My wife and I are at the lawyers, going through our will and I realise how my IT training helps me frame problems. It’s the IF THEN ELSE approach.
So we go through this list of scenarios, some of which need to be changed, some deleted and some simply moved around in the document to make it easier to understand.
I notice that the lawyer renumbers each paragraph as he moves sequentially along, sometimes having to change the number again as he works his edits into the document. I think this is a very disciplined approach and must have been part of his lawyer training.
However, my wife and I have a large number of additions to make, to cover different situations. The lawyer is surprised we could generate so many additions, but we are allowing for situations he has not considered. It is only afterwards I realise what has happened.
Just as the lawyer relied on his training to move through the document and make edits, I relied on my IT training, which made me approach the document in a totally different way. It wasn’t a computer problem, a software engineering approach made sense. I used a basic programming construction, which probably now has a fancy name, but I call it the IF THEN ELSE decision. Virtually all programming languages have a version.
This construction is used in the following way:
IF condition exists (Say my wife is already dead when I die)
THEN carry out an action (Give everything to the kids)
ELSE carry out an alternative action (Give everything to the wife)
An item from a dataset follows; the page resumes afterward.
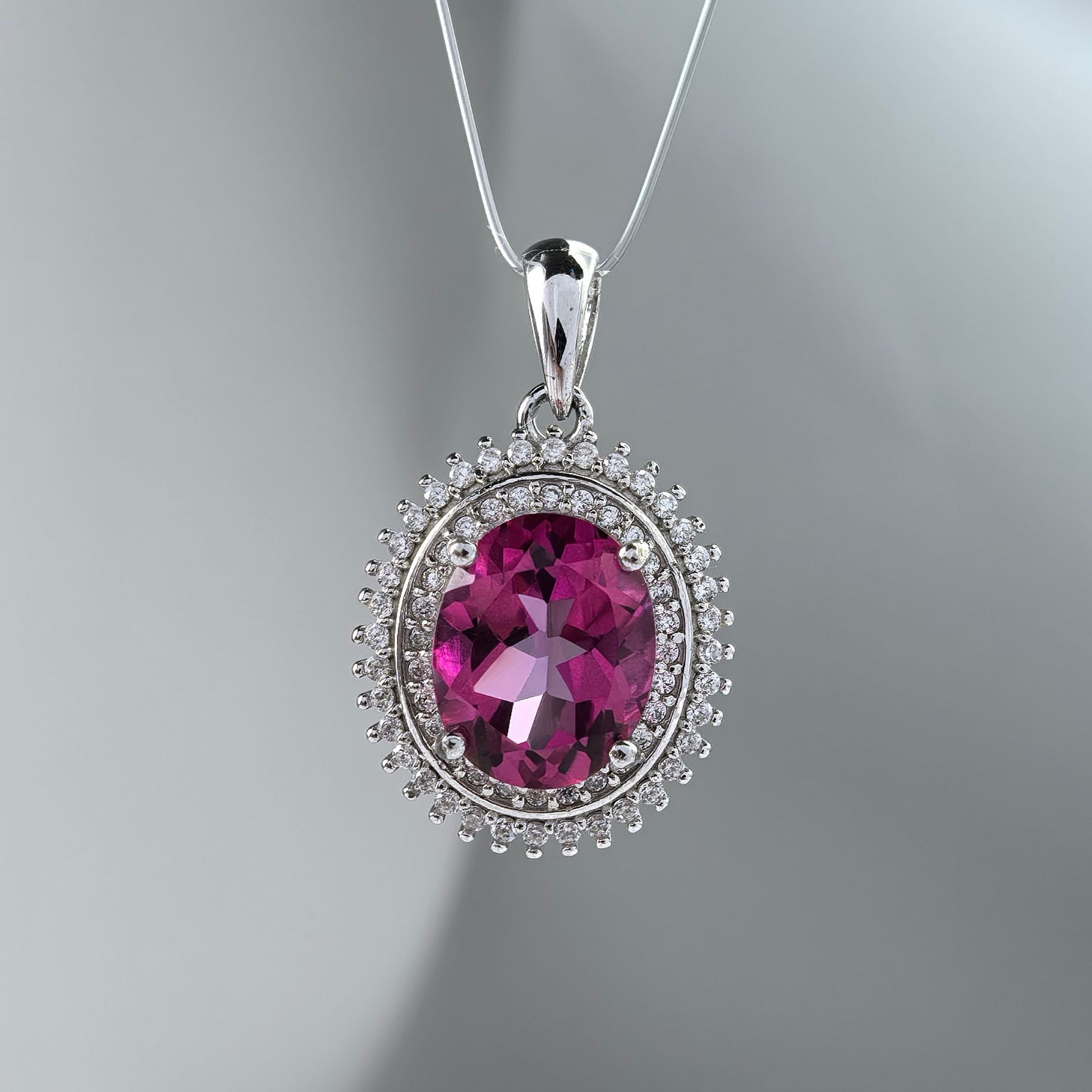 Noble Rhodium Plated 925 Sterling Silver Natural Pink Topaz Pendant
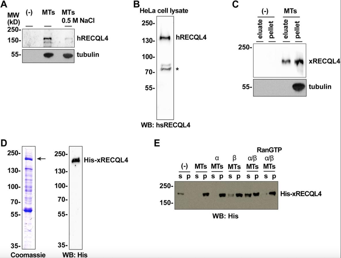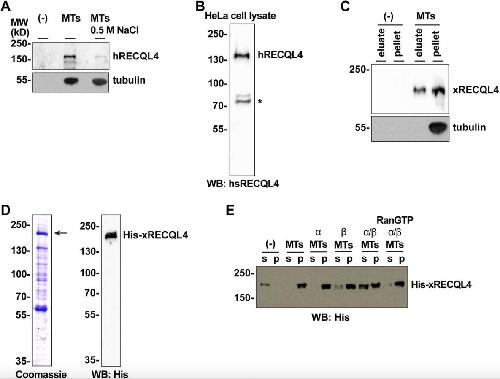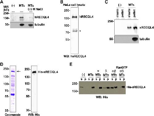 Figure S1. RECQL4 is a RanGTP dependent MAP. (A) Endogenous human RECQL4 binds to microtubules (MTs) in a salt-sensitive manner. HeLa nuclear extract was incubated in the presence or absence of taxol-stabilized MTs and 0.5 M NaCl and centrifuged. MT pellets were immunoblotted using human RECQL4 and α-tubulin antibodies. (B) Preparation of human RECQL4 antibody. Recombinant human RECQL4 aa 1â831 was expressed in bacteria, purified, and used for antibody production in rabbits. The generated antibody detected endogenous hRECQL4 in HeLa cell lysate. *, nonspecific band. (C) Endogenous Xenopus RECQL4 binds to MTs. Xenopus CSF egg extract was incubated with taxol-stabilized MTs. MTs and MAPs were spun down. MAPs are eluted from MTs with high salt and separated by centrifugation. The eluate and MT pellet were immunoblotted. (D) Recombinant Xenopus RECQL4 expressed in insect cells and purified with TALON beads. Coomassie staining and Western blot (WB) using an anti-His 6-antibody are shown. (E) Xenopus RECQL4 binds to MTs in a RanGTP-regulated manner. Recombinant RECQL4 was incubated with MTs as in Fig 1B, but, where indicated, in the presence of recombinant importin α, importin β, and/or RanQ69L mutant loaded with GTP (RanGTP). After centrifugation, supernatant (s) and pellet (p) were analyzed by Western blot. |

Now the lovely thing about this construction is that one IF THEN ELSE decision can be nested inside another. Programmers then indent the bits of text to make it easier to read. For instance:
IF my wife is already dead when I die
THEN
IF my children are all over 18
THEN give everything to the kids
ELSE give everything to my executor
ELSE Give everything to the wife
What a wonderful thing, software engineering converges into drafting my will. Software constructions can jump straight out of the computer and help me better order thoughts to get a logical outcome. Technical training can benefit the non-technical person.
Now I just have to figure out how to make a DO WHILE loop get me a Maserati.